*** Opening Given material ***

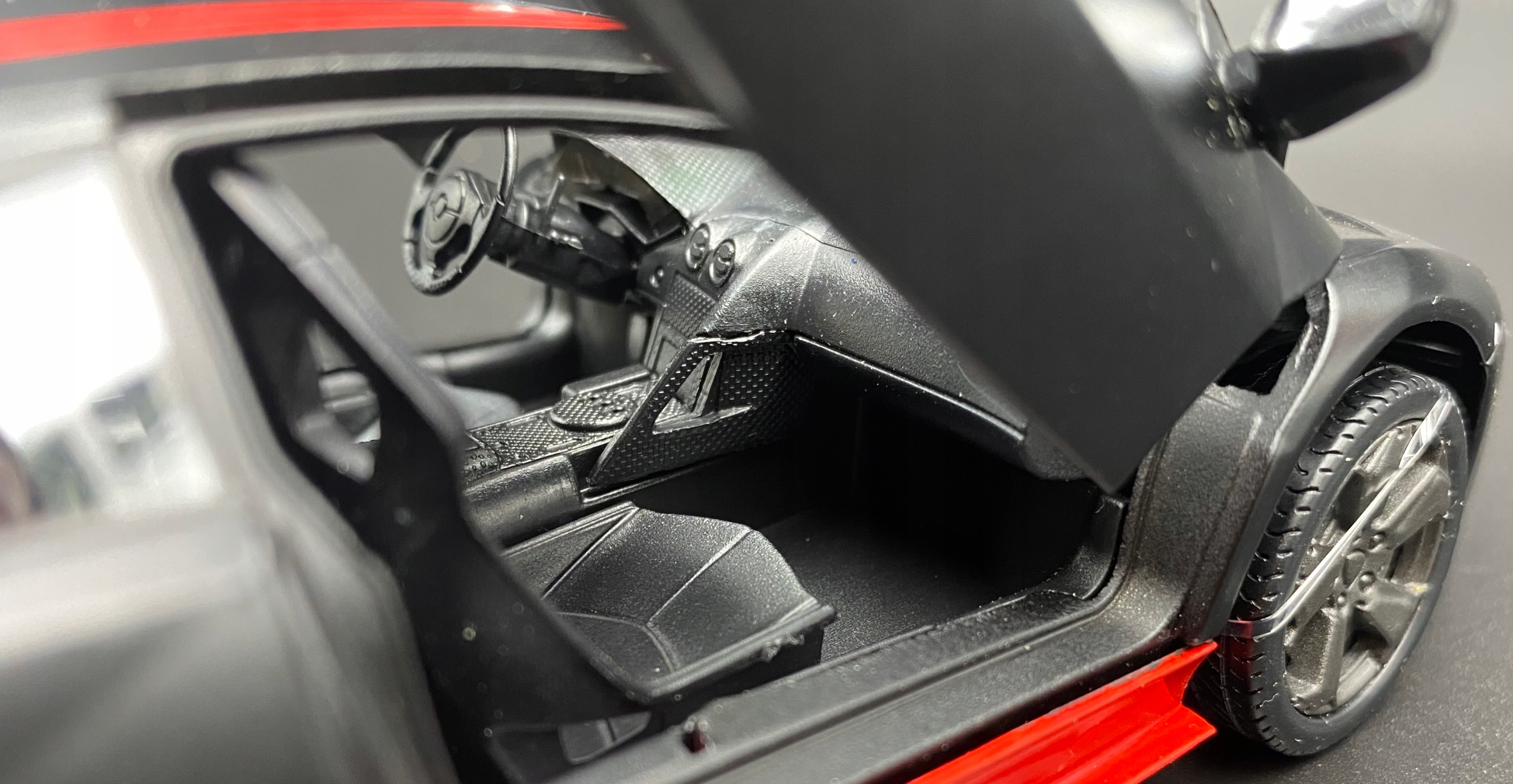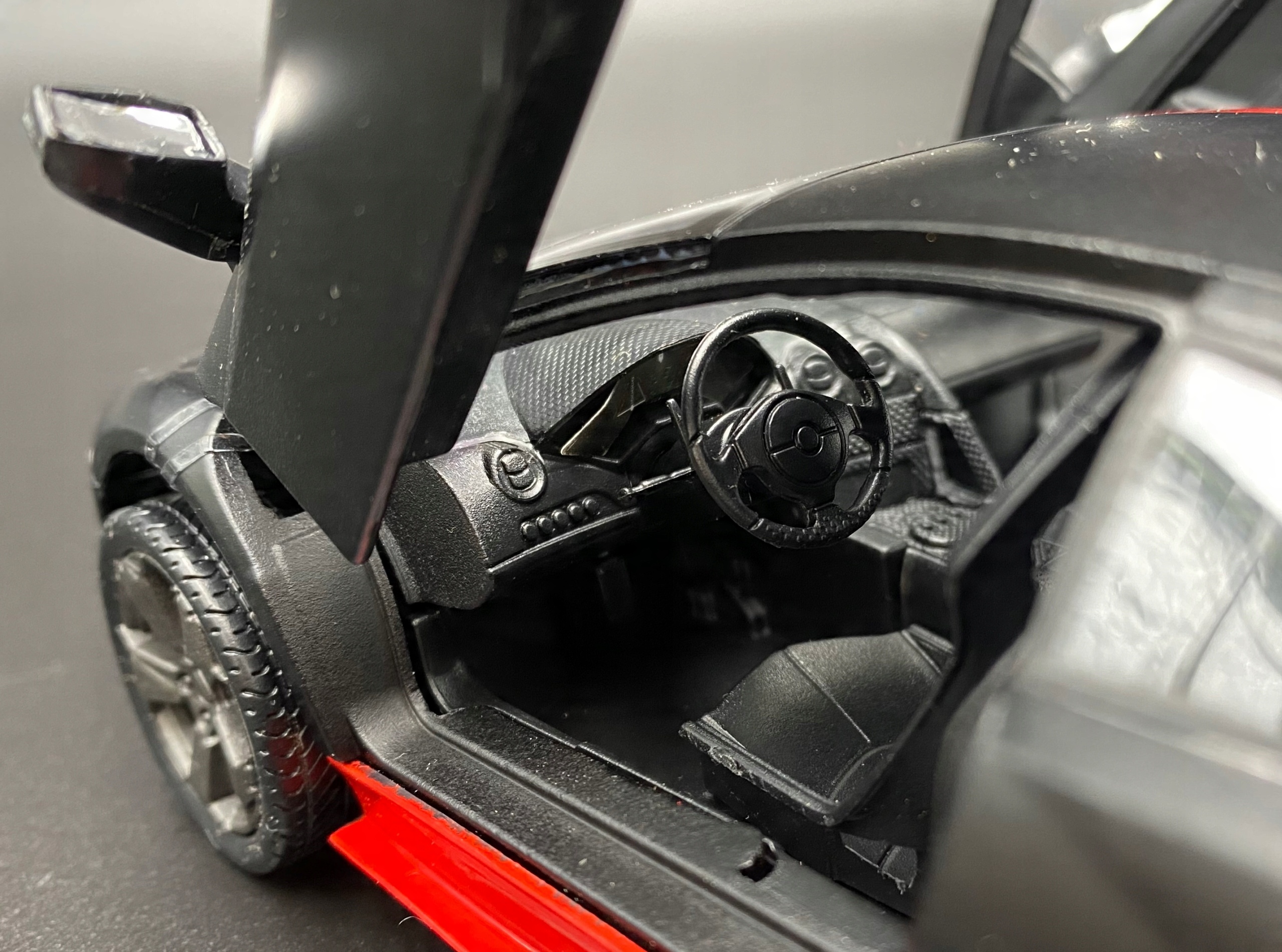 Модель автомобиля отличается вниманием к деталям. Имеет подвижные элементы - двери, колеса, крышку двигателя.
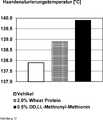 . Schutz des Haares vor thermischem Stress (Glätteisenbehandlung) durch präventive Schutzbehandlung mit Wirkstofflösung. Dargestellt ist die Verbesserung der durch differentielle Scanning-Kalorimetrie bestimmten Haardenaturierungstemperatur. , Protection of the hair against thermal stress (straightening iron treatment) by preventive protection treatment with active ingredient solution. Shown is the improvement in the hair denaturation temperature determined by differential scanning calorimetry.
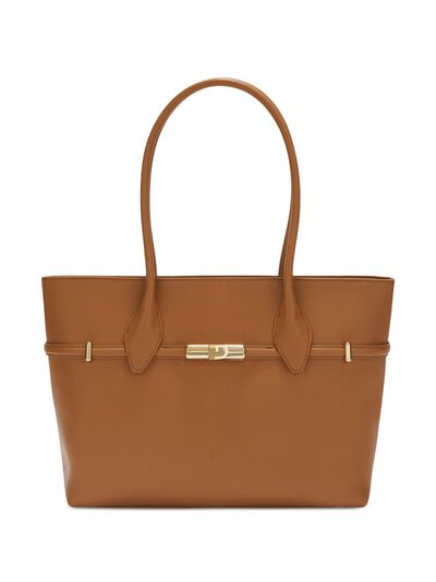 camel brown leather top zip fastening two long top handles logo print to the rear main compartment internal logo patch internal zip-fastening pocket
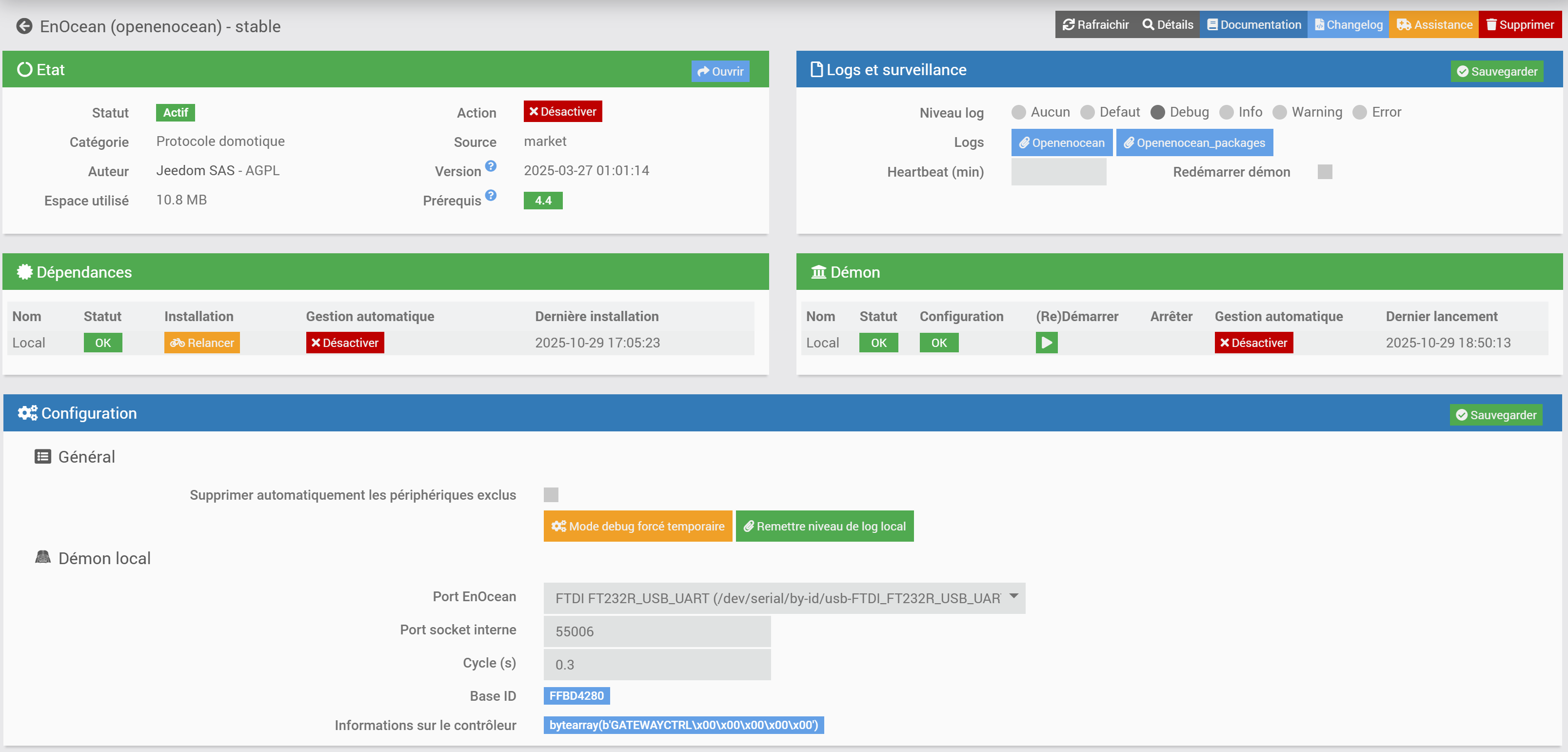 0731|[2025-10-29 18:50:15] INFO : Lancement démon openenocean : sudo python3 /var/www/html/plugins/openenocean/resources/openenoceand/openenoceand.py --device /dev/serial/by-id/usb-FTDI_FT232R_USB_UART_B40165Y5-if00-port0 --loglevel debug --socketport 55006 --callback http://127.0.0.1:80/plugins/openenocean/core/php/jeeOpenEnOcean.php --apikey M8xuAjO8VF5qBb07L8wgmA19pyp49VfAHiXXvZ1XGmuGwwakAnYh0F2rn3CvpJYr --cycle 0.3 --pid /tmp/jeedom/openenocean/deamon.pid

*** Closing Given material ***

* **Instructions to follow**
Each line above gets copied exactly; leave the pictures out.

* **Expected answer**
 Модель автомобиля отличается вниманием к деталям. Имеет подвижные элементы - двери, колеса, крышку двигателя.
 . Schutz des Haares vor thermischem Stress (Glätteisenbehandlung) durch präventive Schutzbehandlung mit Wirkstofflösung. Dargestellt ist die Verbesserung der durch differentielle Scanning-Kalorimetrie bestimmten Haardenaturierungstemperatur. , Protection of the hair against thermal stress (straightening iron treatment) by preventive protection treatment with active ingredient solution. Shown is the improvement in the hair denaturation temperature determined by differential scanning calorimetry.
 camel brown leather top zip fastening two long top handles logo print to the rear main compartment internal logo patch internal zip-fastening pocket
 0731|[2025-10-29 18:50:15] INFO : Lancement démon openenocean : sudo python3 /var/www/html/plugins/openenocean/resources/openenoceand/openenoceand.py --device /dev/serial/by-id/usb-FTDI_FT232R_USB_UART_B40165Y5-if00-port0 --loglevel debug --socketport 55006 --callback http://127.0.0.1:80/plugins/openenocean/core/php/jeeOpenEnOcean.php --apikey M8xuAjO8VF5qBb07L8wgmA19pyp49VfAHiXXvZ1XGmuGwwakAnYh0F2rn3CvpJYr --cycle 0.3 --pid /tmp/jeedom/openenocean/deamon.pid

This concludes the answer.